Unsolicited (and unwanted) advice
Mark Pullen (3 April, 2007 – 09:27)
The English tend only to give unsolicited advice to close friends and family (or to everybody when they’re drunk). Serbian people, on the other hand, tend to give their frank opinions, and offer unsolicited advice, even to complete strangers. Blunt, scathing and highly critical advice is the norm in Serbia… and what a refreshing change an honest life without diplomatic duplicity and plastic McDonalds’ smiles can be!
I was parking my car near Kalenić Market recently – just minding my own business, waiting for a scooter to pass before backing into the spot – when some old lady (one of those well-dressed, pink-haired old ‘Belgrade dames’) opened my passenger door without warning and proceeded to advise me on how best to park my car: “you don’t want to do it like that, son. You’re angle’s all wrong. Put it into second so you…”
“Excuse me,” I interrupted her in mid-instruction, shocked and a bit annoyed. “Please, close my door … (a pause occurred as I bit my tongue to refrain from telling her to f$£k off!) and leave me in peace.”
About a week after the parking assault, I found myself at Belgrade’s overpriced, overrated (and only) curry house. “I’ll have the Chicken Jalfrezi please,” I told the waitress.
She gave me a funny look and tutted: “that’s a really ‘butch’ curry. You don’t want that.”
I returned the funny look: “yes I do. I really want that one.”
But she was adamant: “why don’t you order a medium hot one and, if you like it, maybe next time you can go for the hotter one?”
“No,” I was getting a bit wound up by now. “I want the one I asked for, unless you don’t have it?”
“Oh we have it. It’s just…you know, that’s a really ‘butch’ curry.”
(Like I’m not butch?) “I’ve tried your Madras and, quite frankly, it’s weak and far too mild. I want the Jalfrezi, please.”
And finally we had acceptance!!
These two negative incidents provided the inspiration for this post. When the topic first occurred to me, I planned to rant (and perhaps rave a bit) about how people here should mind their businesses and display some tact when addressing strangers, blah, blah. But the more I’ve thought about it, the more I’ve remembered the positive side of the Serbian tendency to speak frankly and offer unsolicited advice.
Getting a word of wisdom out of many foreigners, particularly those whose knowledge is of value, can be like getting blood out of a stone. It takes time, effort and the establishing of trust before you will here those words “can I offer you a piece of advice?”
The norm in Serbia, on the other hand, is the complete opposite: those same high-level players (be they bigwigs of Serbian politics, business or art) are always eager to offer you their pearls of wisdom and practical advice/constructive criticism. Whether this is an ‘ego’ thing is another matter, but it nevertheless seems to me that intelligent or powerful Serbian people tend to be more inclined to tell you what they think generally, and what they think of you in particular.

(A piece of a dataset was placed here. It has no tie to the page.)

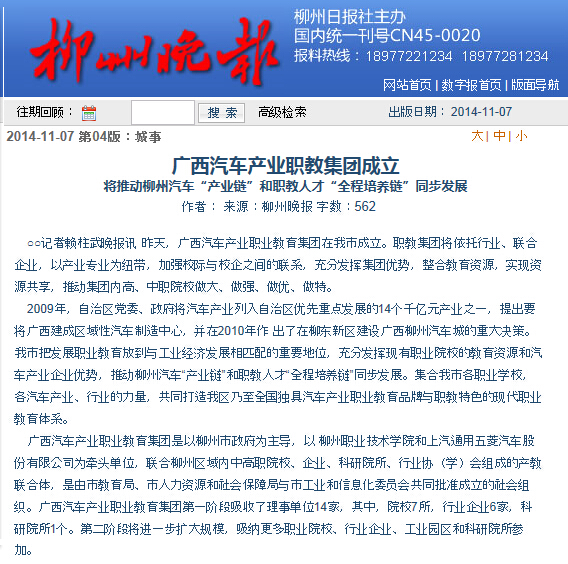 柳州晚报刊发广西汽车产业职教集团在我院成立的消息 来源:柳州职业技术学院新闻网 作者:石玉丹 编审: 发布时间:2014-11-09 浏览次数: 次 【字体:小 大】 分享到: 2014年11月7日,柳州晚报在第4版,以“广西汽车产业职教集团成立”为题,刊发广西汽车产业职教集团在我院成立的消息。(截图:石玉丹) 关闭 打印正文

So, it might seem insulting (and unaccustomed foreigners may well feel offended), but Serbian candour is something that should be welcomed and not labelled as vindictive. When a Serbian person gives you advice, they usually do so with the best of intentions. They’re not trying to belittle you and your achievements; they’re just trying to help you to improve yourself.
The biggest positive about being sure that individuals are being honest and open when they give their personal opinion (about something they’re neither a party to nor hoping to profit from) is the knowledge that when a Serbian person gives you a compliment it comes from the heart. They’re not giving you a ‘plastic McDonalds’ grin’ just to keep you sweet; they’re not diplomatically trying to avoid offending you. They’re just keeping it real!
Socially, that’s a quality to be admired. Diplomatically and politically it might be an absolute nightmare, but that’s for the Serbian diplomats and politicians to worry about.